Problem to work on: Reproduce exactly the lines from the start of the records through the line containing "Beautiful matching pair", both included. Leave the pictures out.

Entries shown:
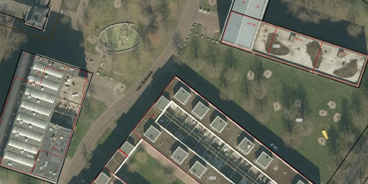 Het perceel waarop Het Bolwerk 72 staat heeft een oppervlakte van 7706 m². Dit is een zeer groot perceel. De perceeloppervlakte wordt geregistreerd door het Kadaster. Gedetailleerde informatie over de maten van dit perceel kunt u vinden in het rapport Kadastrale kaart met maatvoering van Het Bolwerk 72.
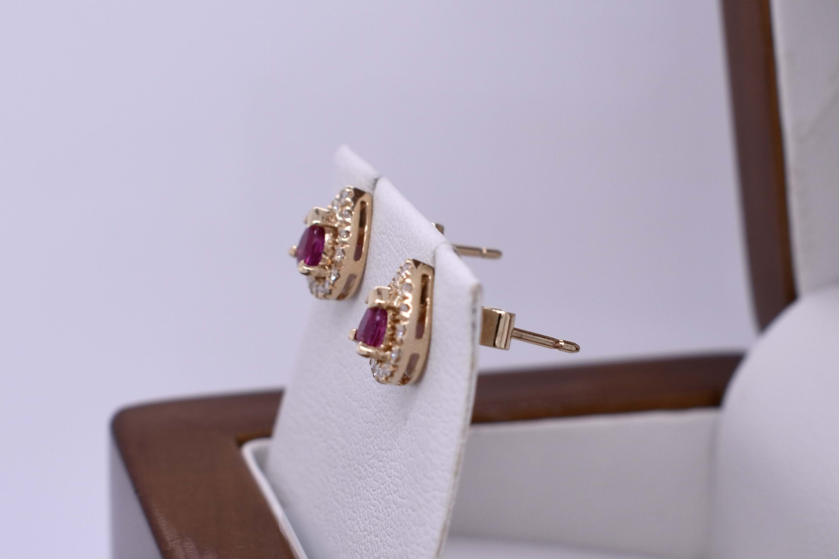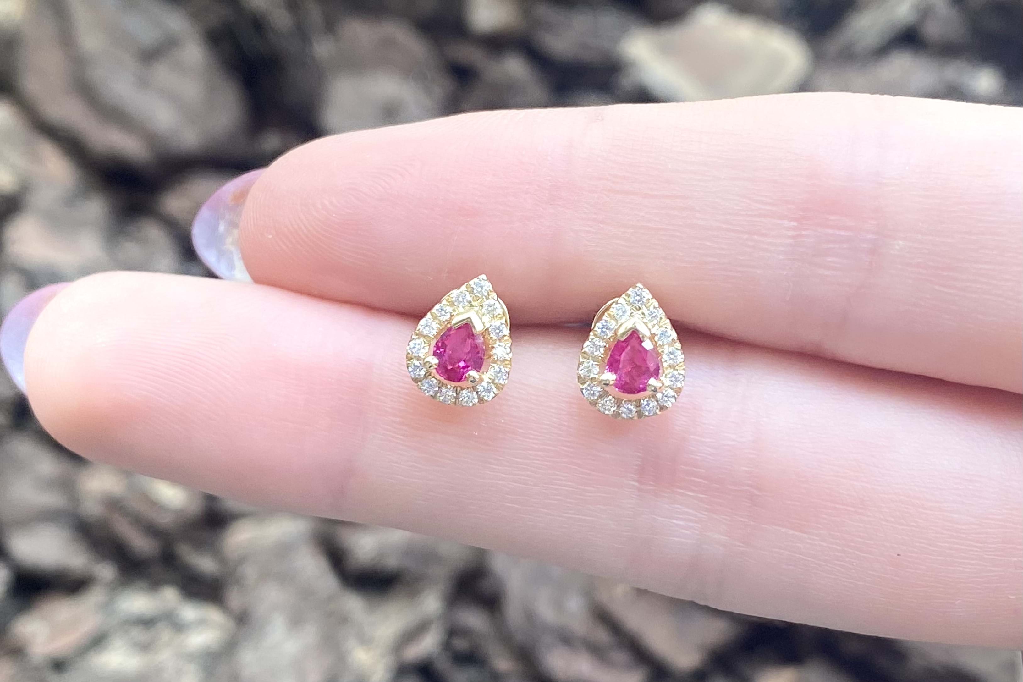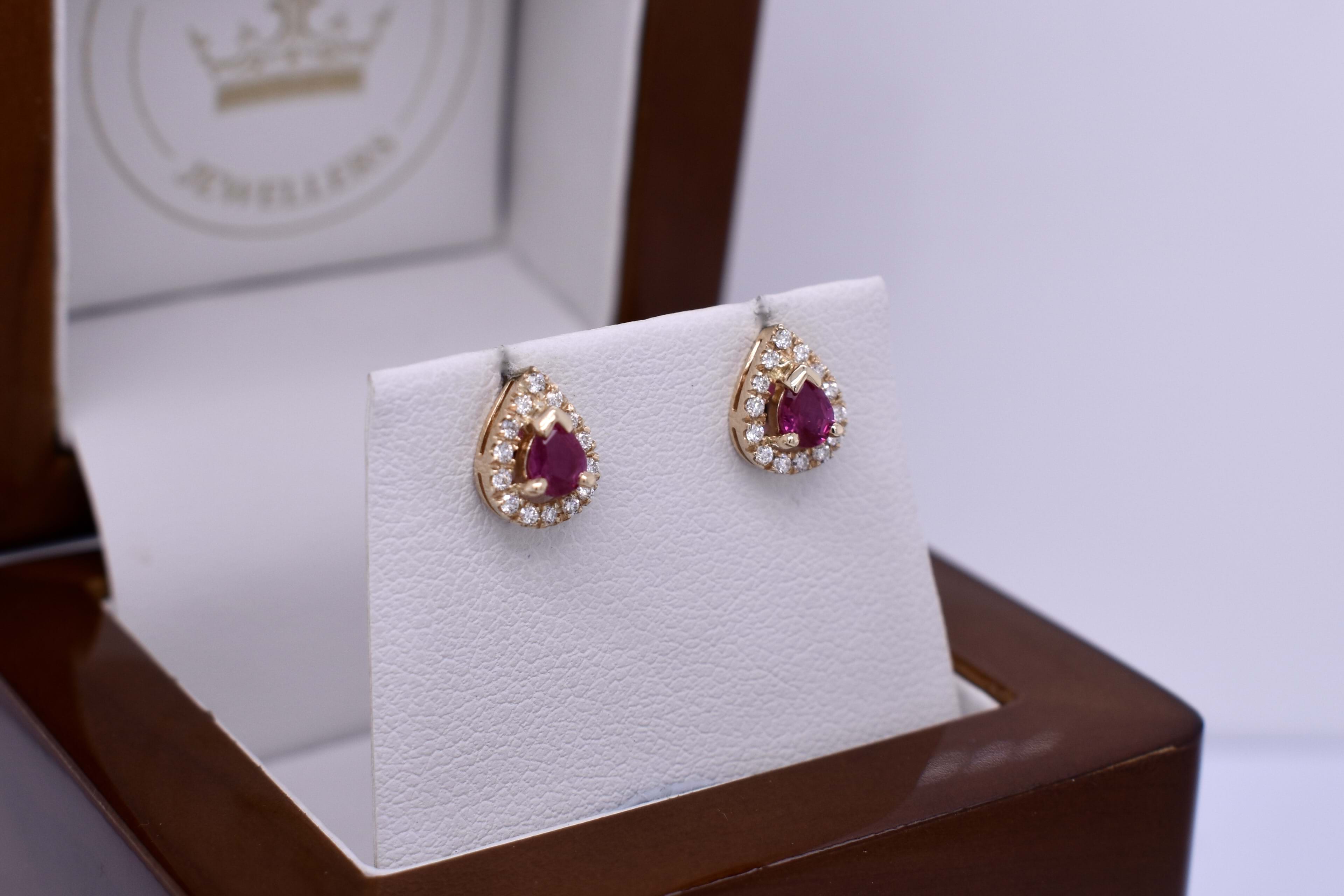 Beautiful matching pair of pearshape rubies totalling 0.46cts in a bright, mid pinkish red cap and two claw set in 9ct yellow gold with a single halo surround of sparkling round brilliant cut diamonds with post & butterfly fittings. Total diamond content equals 0.15ct H/SI. Independent Valuation Supplied
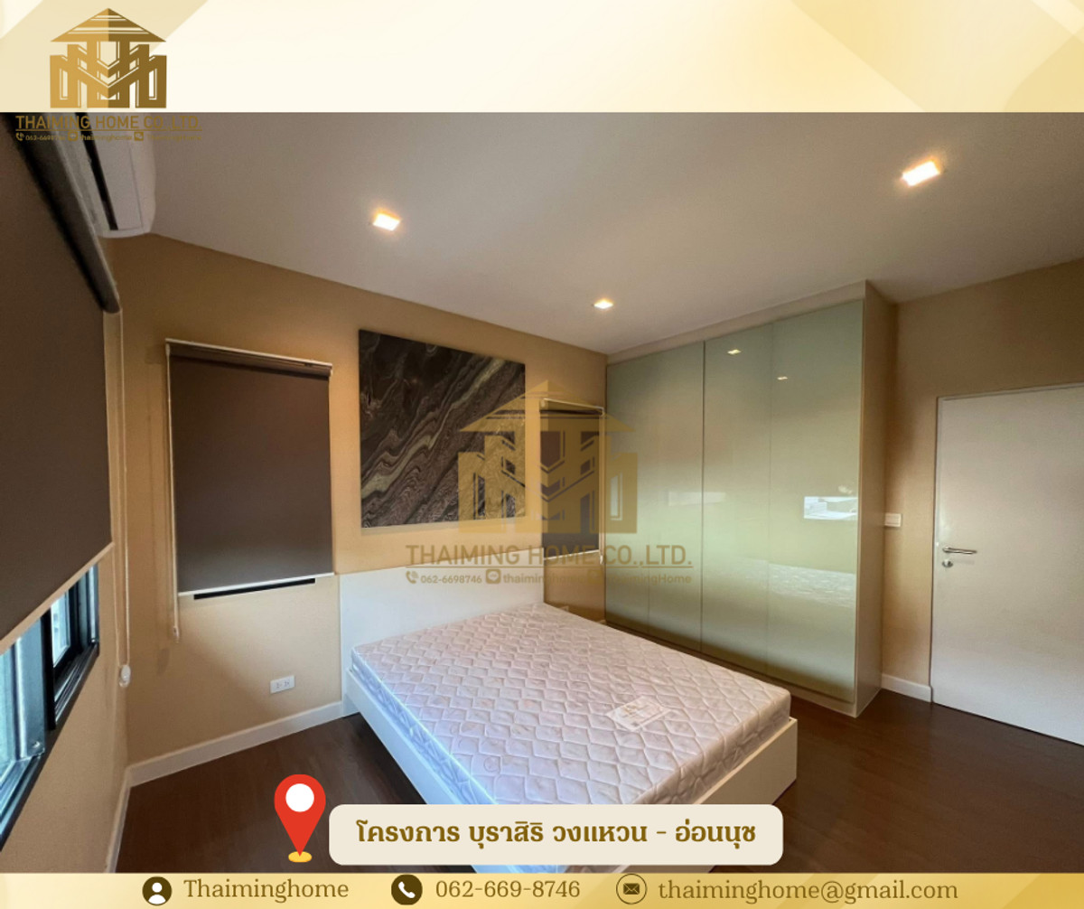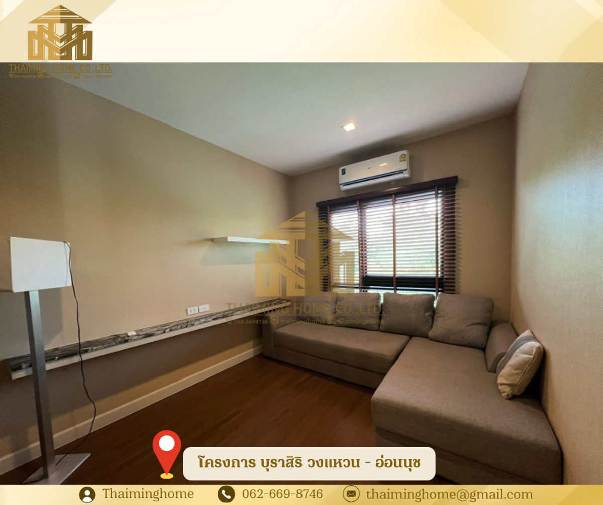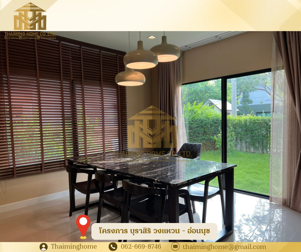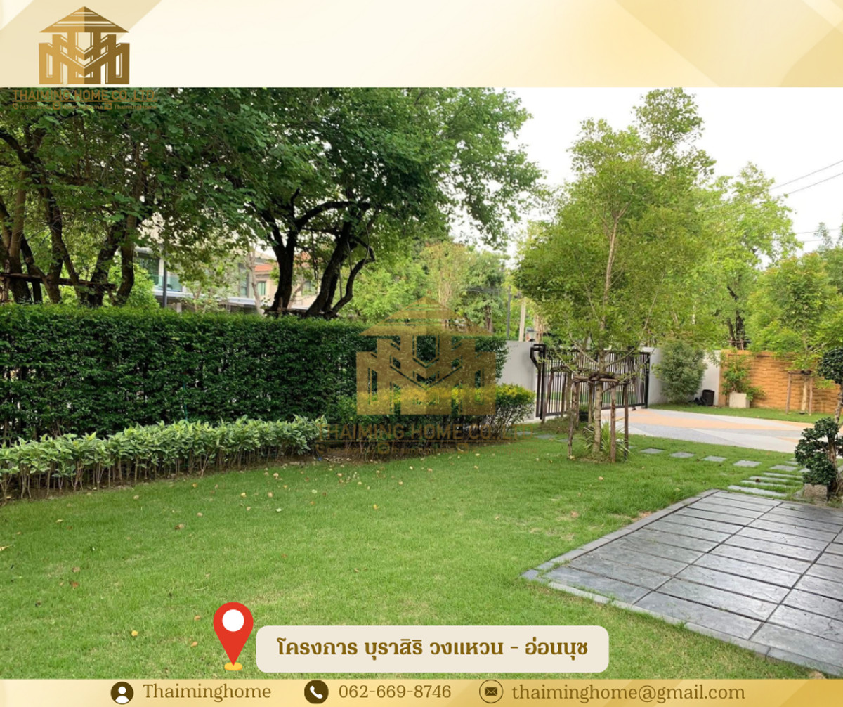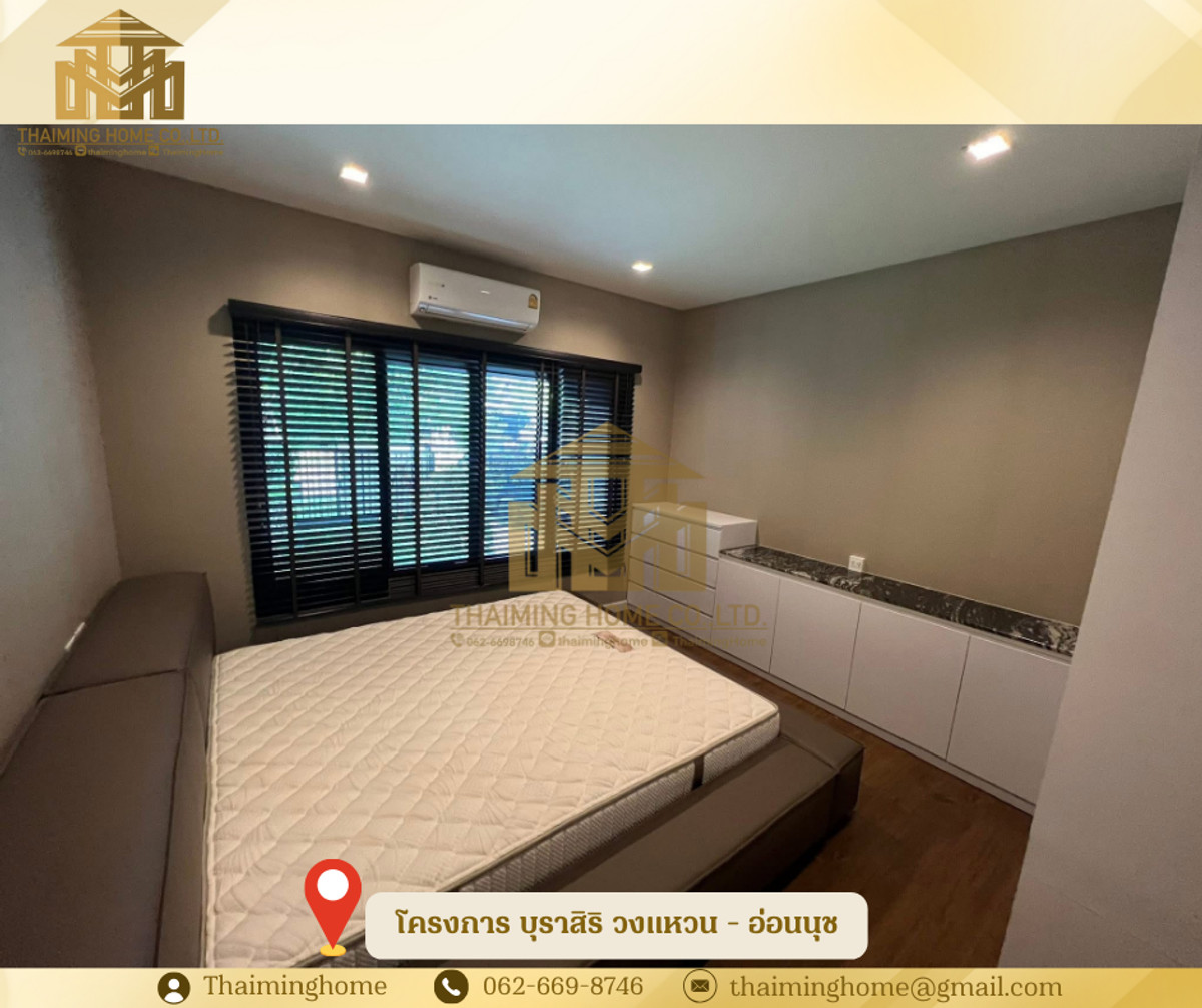 🏠Rental House Burasiri Wong-On Nut Project [TH5-270126] ✅ Details - a two-story detached house on the corner - The total area is 106 square meters. - The usable area is 230 square meters. - Four bedrooms, three bathrooms. - 1 Thai kitchen, 1 Counter bar - 4 Parking I 1 Housewife Room (1 Housewife's Bathroom) 📍 Built-in furniture, air conditioning entire back 📍 Accepting foreign tenants 🚇Nearby Locations - Near Mega Bangna, there is a parallel entrance to Kanchanaphisek. It can be shorted to the back of the mall. - Near Bang Natrad International School and not far from Rama 9 Bangkok Athletics. - Near Kanchanaphisek Expressway, Rama 9 Motorway - Near Suvarnabhumi Airport. ☑️ Purchase/Rental Conditions - a one-year minimum contract - two months' insurance, one month's advance - 🪧 Rent of 120,000 baht/month ----------------------------------------------------------------- บริษัท ไทยหมิง โฮม จำกัด Thaiming Home Co.,Ltd. 泰明房园 房产公司 ------------------------- Contact ติดต่อ : Contact number Contact : Contact number คุณหมิง(中文) Line ID: thaiminghome Line ID: @thaiminghome https://lin.ee/PkkHwYv Wechat : ThaimingHome E-mail : Contact email -----------------------------------------------
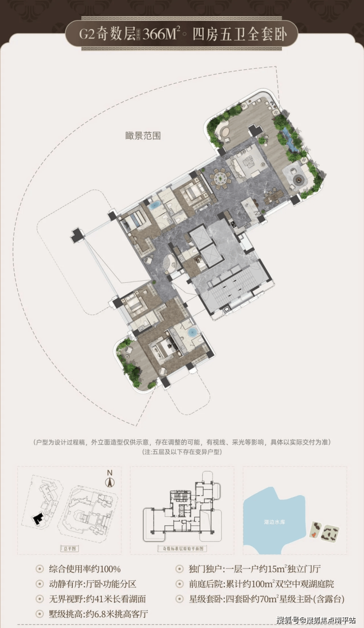 建面约366㎡「家族图腾」五房版户型,主卧套间与独立家政套间形成双流线,让主人与生活服务各自找到归栖之所。同时拥有双客厅,对于喜欢独处的伙伴很友好;主卧床头直面空中院子,院子上种上女主人喜欢的花草,惬意享受诗和远方的生活。四房版本,空间更大,房间舒适度更高,尤其是主卧和次主卧分居两头,更安静,同时可满足自己和长辈更安静的居住需求。
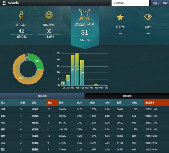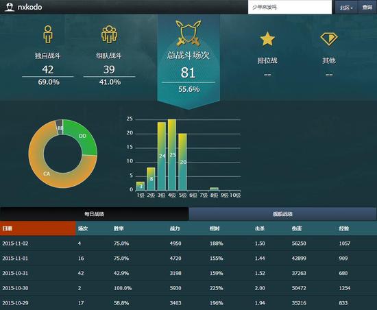 一局的发挥往往不能评判一个玩家的水平,《坦克世界》1200效率的查查开局死也不能说明这个玩家效率是假的,同样战舰世界也是如此,上面的数据是小编的朋友打出来的,通过官方的数据统计不仅能够看到每天的综合战力还能看到玩家的场均击杀,伤害等等,相比下图小编的数据,整体差距明显:

Reply:
 Het perceel waarop Het Bolwerk 72 staat heeft een oppervlakte van 7706 m². Dit is een zeer groot perceel. De perceeloppervlakte wordt geregistreerd door het Kadaster. Gedetailleerde informatie over de maten van dit perceel kunt u vinden in het rapport Kadastrale kaart met maatvoering van Het Bolwerk 72.
 Beautiful matching pair of pearshape rubies totalling 0.46cts in a bright, mid pinkish red cap and two claw set in 9ct yellow gold with a single halo surround of sparkling round brilliant cut diamonds with post & butterfly fittings. Total diamond content equals 0.15ct H/SI. Independent Valuation Supplied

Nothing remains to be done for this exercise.